Он легко провел ладонью по ее животу — чуть более округлому, чем ему помнилось.
— Это после беременности.
— Ничего. — Но ему было неприятно само напоминание.
Его рука медленно двигалась по телу Джеанны от живота вверх, к немного пополневшим грудям с набухшими, темными сосками. Он тихонько нажал на сосок, и появилась капля молока — молока для ребенка, чью головенку он должен был бы размозжить о ближайшую стену.
Нечто мелкое, злое, недалекое в его душе требовало чтобы так он и поступил.
Убить выродка, отделаться от него.
Отделаться от единственного живого ребенка Джеанны?..
Галеран прогнал гадкие мысли и сосредоточился на том, что происходило. Кожа Джеанны была столь же бела и так же отливала жемчугом, как и капля молока, и эта белизна резко оттеняла смуглость его собственной кожи, насквозь пропеченной жарким солнцем Палестины.
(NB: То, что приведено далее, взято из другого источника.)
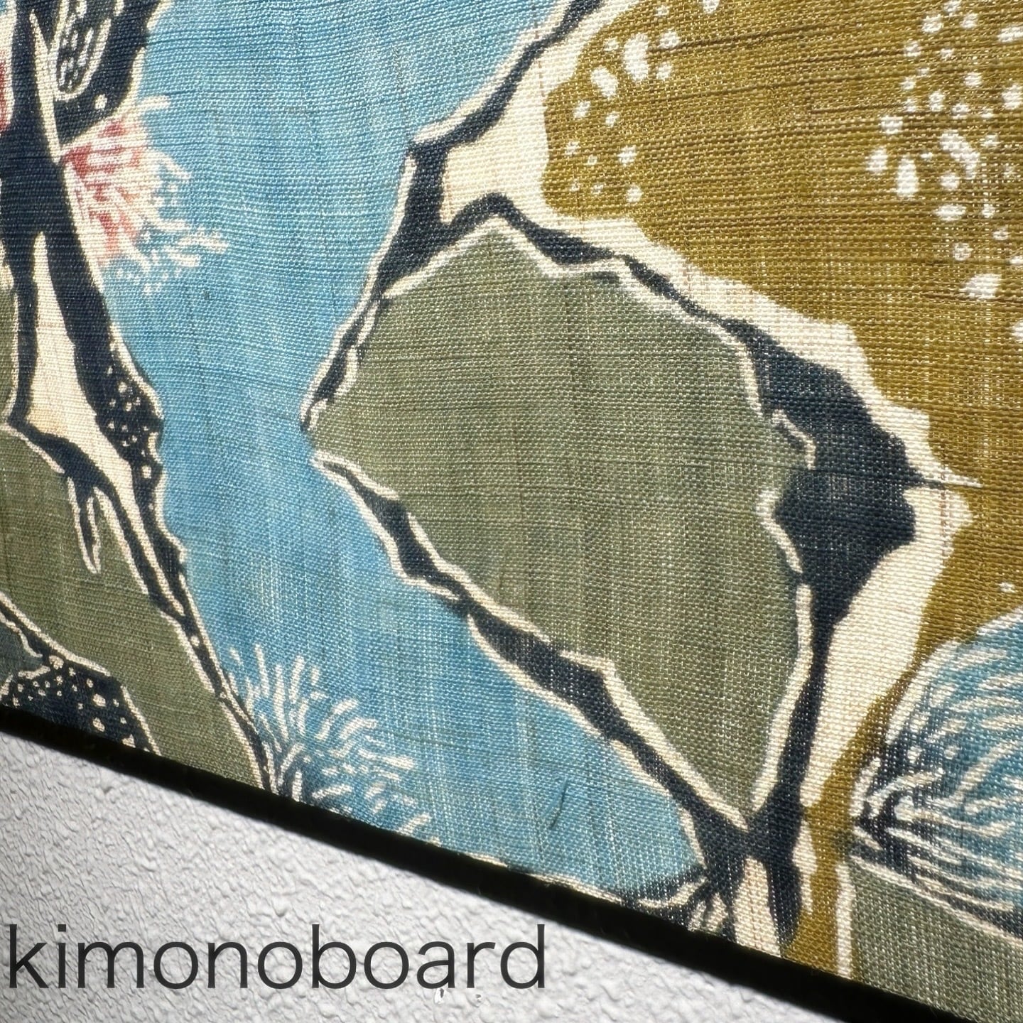 海底の情景を描いた紅型染めの麻生地を使用したキモノボードです。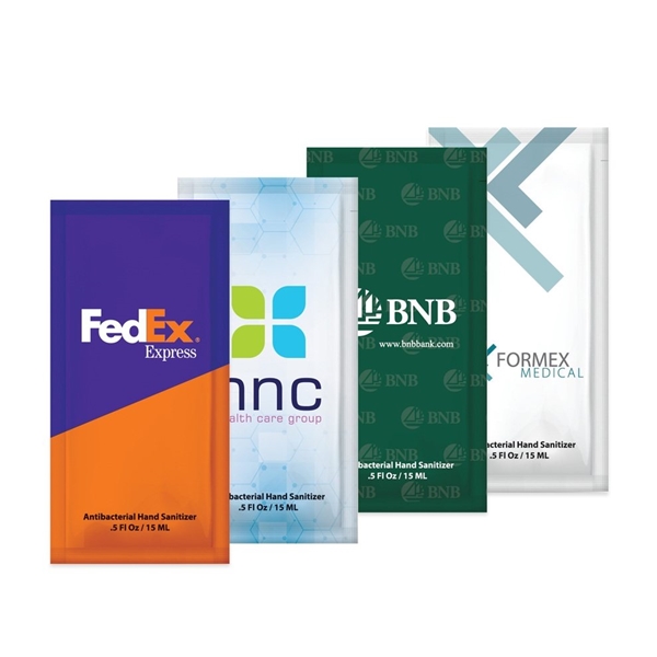 - Perfect item to keep your brand visible to those people on the go. Convenient half-ounce hand sanitizer gel pack is perfect in purses, pockets, travel bags and glove compartments for those “need sanitizer now” moments. Have them reach for your brand. Cover the entire packet with your logo, brand message and theme. The 62% ethyl alcohol formula kills 99.9% of germs, plus moisturizing aloe leaves skin soft with no sticky residue. Made in America.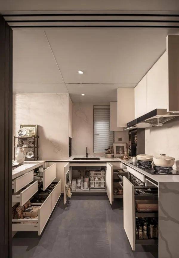 厨房更是堪称美食达人的天堂,集成一系列多功能调味拉篮、定制谷物抽屉等,收纳有序,油盐酱醋间的分类放置烦恼一次性得到解决,琐碎繁杂不再。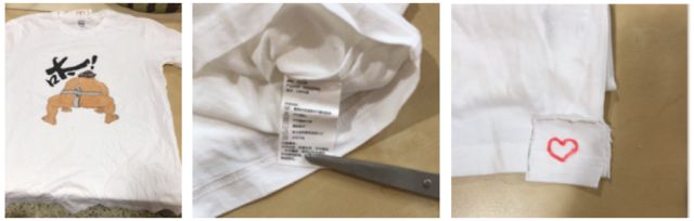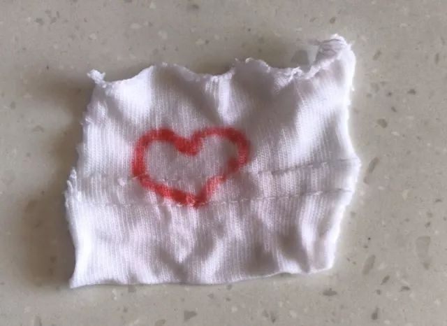 于是再一次尝试开始,牺牲一件带鱼T,100%纯棉,白色,我画上了一颗小心心。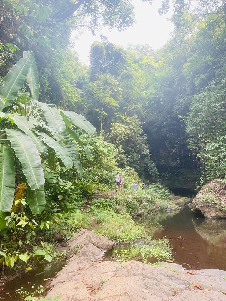 On entend le bruit de l’eau de plus en plus près, la végétation s’épaissit, nous y arrivons! Le cour d’eau est à nos pieds, nous le suivons en grimpant sur des rochers, et là c’est le choc: la cascade est presque vide !! Notre guide, amusé, nous dit d’avancer juste quelques mètres supplémentaires et de tourner la tête à droite: elle est LÀ la vraie cascade !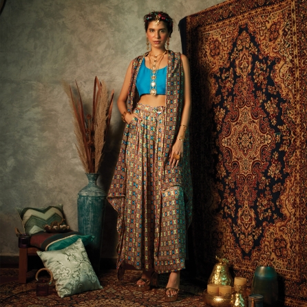 Handloom Brocade: 45% Art Silk, 30% Viscose, 25% Zari. Lining: 100% Polyester. Exposed button closure at center front.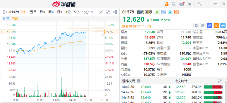 颐海国际 $01579.HK 再涨超7%,截至发稿,涨7.50%,报12.62港元,成交额7964万港元。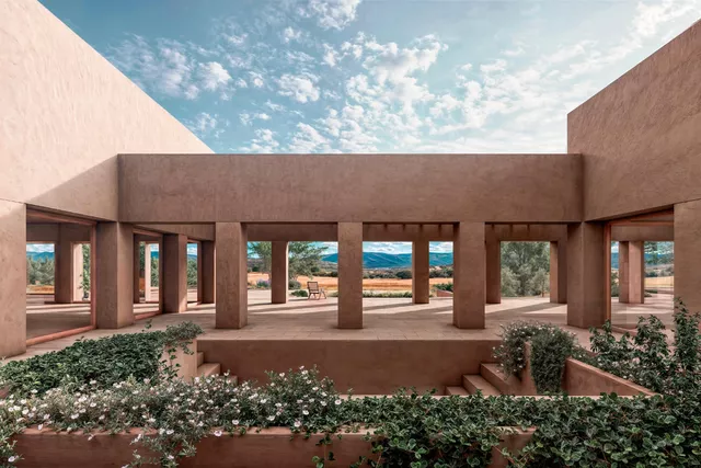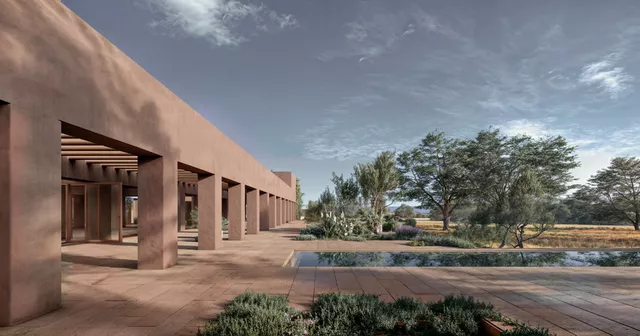 El tratamiento pétreo y monocromático de sus fachadas inspirado en el suelo arcilloso del lugar, caracteriza su envolvente. De este modo, la casa se percibe como una construcción natural que emerge del propio terreno, que desdibuja los límites entre el entorno natural y el nuevo volumen edificado.

Единственным темным пятном на теле Джеанны был синяк на щеке — след от вчерашнего удара. Галеран дотронулся до синяка кончиками пальцев, и Джеанна взглянула на него — взглянула без упрека, да и не было у нее права упрекать мужа.
Но ему почему-то хотелось, чтобы у нее было это право.
Он все гладил ее груди. Они стали мягкими, так как Джеанна недавно покормила ребенка.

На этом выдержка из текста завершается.